Yuri sets up a new art studio for Alicia in an unused room next to the goldfish bowl, and Theo is grateful for Yuri’s help. Inside the studio, Alicia stares at the blank canvas in a trance-like state and then begins to paint, first painting one single red stroke across the white canvas and then adding more, in a quick and spontaneous fashion. At first, she seems to ignore Theo’s presence, but then she begins glancing at him and he realizes that she is studying him. The painting finally takes a recognizable form, depicting a redbrick building that closely resembles The Grove on fire. On the fire escape are two figures, a man and a woman who resemble Alicia and Theo.  

Chapter 29 

At The Grove, Theo hears a woman loudly demanding admittance. She is a blonde American woman in her mid-sixties named Barbie Hellman, and she demands to see Alicia. Stephanie argues that Barbie needs to schedule an appointment in accord with new measures designed to tighten security. Theo introduces himself and Barbie turns her attention to him, complaining about hospital policies and identifying herself as Alicia’s best friend. Stephanie, exasperated, gives up and Theo walks Barbie over to Alicia, who doesn’t show any response. Alicia continues to show no response as Barbie chatters ceaselessly about her own life. After their one-sided conversation, Theo approaches Barbie to ask her some questions about Alicia, and Barbie responds enthusiastically to his curiosity. Though he knows that Diomedes would disapprove, Theo accepts Barbie’s invitation to come to her house in the early evening.  

Chapter 30 

Barbie is a wealthy American woman who received her large, overpriced home from her ex-husband in their divorce settlement. Pouring herself a glass of red wine, Barbie talks about her close relationship to Alicia, her next-door neighbor, whom she visited frequently. To Theo’s disappointment, she can’t name Alicia’s former doctor, but she does tell Theo that Alicia was being watched by a strange man.
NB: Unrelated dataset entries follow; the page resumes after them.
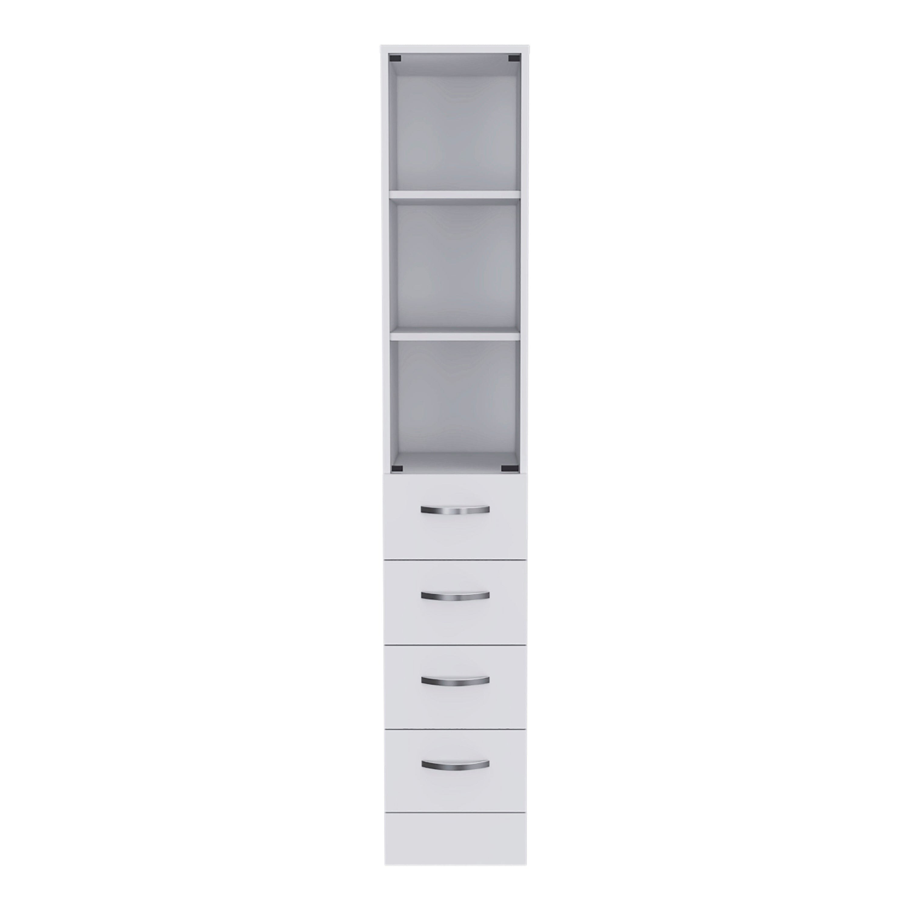 White Bathroom Storage Cabinet with Glass Door and Sliding Drawers - 68.29" X 11.97" X 17.56"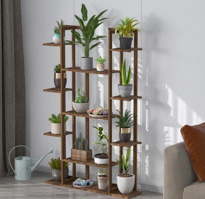برای سبزتر شدن خانه خود از قفسه استفاده کنید و گلدان‌ها را به حالت‌های مختلف بر روی آن قرار دهید. قفسه‌هایی را بر روی دیوارها ایجاد کنید و گلدان‌هایتان را روی آن‌ها قرار دهید.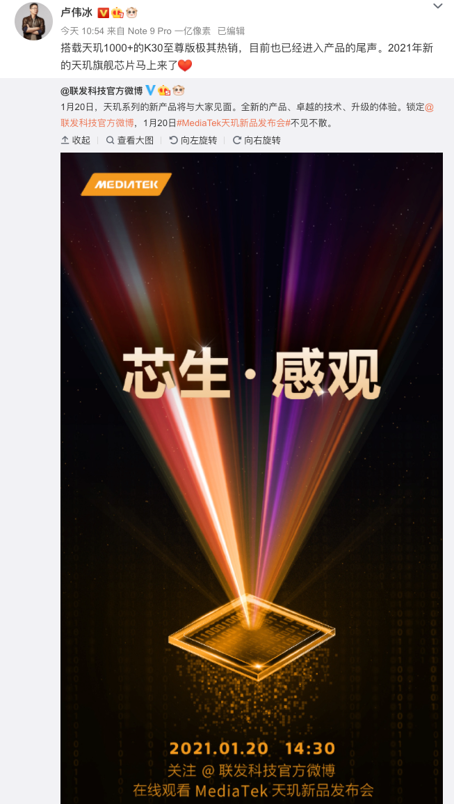 【前沿】1.20见 卢伟冰暗示红米K40或首发天玑 888只Pro版?

Theo is taken aback by this news and presses Barbie for more information. Pulling out her cell phone, she shows him a photo of what she claims is a man hiding behind a tree, though the photo is too blurry to be useful. Further, she claims that prior to the murder of Gabriel, she visited Alicia and found her crying. Alicia then told her that a man has been watching her from outside of her home, and that she fears she is being stalked. However, Alicia has not called the police, nor told Gabriel about her alleged stalker, though Barbie encourages her to do so. Though Barbie would like to keep talking, Theo feels that he has heard enough and makes his exit.   

Chapter 31 

When Theo returns to The Grove the next day, he hears screaming. Amid a flurry of activity, Theo sees two nurses huddled over a screaming woman. He looks closer and sees that it’s Elif, who is bleeding profusely and has been stabbed in the eye with a paintbrush. Nearby, Alicia has been restrained by staff, though Theo notes that this is unnecessary, as she is standing completely still. Theo suddenly feels afraid.  

Chapter 32 

Later, Yuri tells Theo that Elif is in a stable condition. Theo wants to speak with her, but Yuri tells her that she will be resting until the following morning. Wondering about the cause of Alicia’s attack, the two enter Alicia’s studio and see that her painting of The Grove on fire has been defaced with a curse word in red paint. The next morning, Theo visits Elif in the emergency ward and she curses at him, demanding to be left alone. Theo is persistent, but Elif feels that he intends to pin the blame on her. Theo reassures her that he just wants to understand what happened. Initially, Elif denies any wrongdoing, but after Theo tells her that he’s seen her defacement of Alicia’s painting, Elif insists that the painting had nothing to do with it. Rather, Alicia attacked Elif after she suggested that Theo was attracted to Alicia. She similarly taunts Theo, and he exits to the sound of her cruel laughter.  

Chapter 33 

Theo enters Diomedes’ office for an emergency staff meeting concerning the attack on Elif. Backed up by Christian, Stephanie takes the center stage, describing the situation as unacceptable and criticizing Theo for reducing Alicia’s medication and giving her the special privilege of her own private studio space. Theo defends himself and criticizes Stephanie for placing Alicia in seclusion, a form of solitary confinement which he believes is inhumane and ineffective. Stephanie points out that she is responsible for safety in The Grove and therefore has the authority to place patients in seclusion. Christian argues that it was irresponsible of Theo to reduce Alicia’s medication, and Theo retorts that Christian’s dosage left Alicia in a zombie-like state. Theo has Indira’s support, but Diomedes settles the debate in favor of Stephanie. He feels that Theo has gotten too close to the case to see clearly, and notes that another incident like this could lead to the closure of The Grove. Theo asks for more time with Stephanie, but Diomedes puts his foot down and terminates Theo’s treatment of Alicia.   

Chapter 34

Theo feels depressed after the meeting, convinced that his treatment of Alicia has been a waste of time. Yuri escorts Alicia to Theo’s office so that he can explain that their sessions will be discontinued. First, Theo apologizes to Alicia for her placement in seclusion, and then he expresses his disappointment in the outcome of their meetings, suggesting that she should have tried harder. He gives her one last chance to speak and explain herself. She says nothing but hands him a small leatherbound notebook: her diary. He looks through it and sees pages of notes and doodles that get less orderly and legible towards the end.  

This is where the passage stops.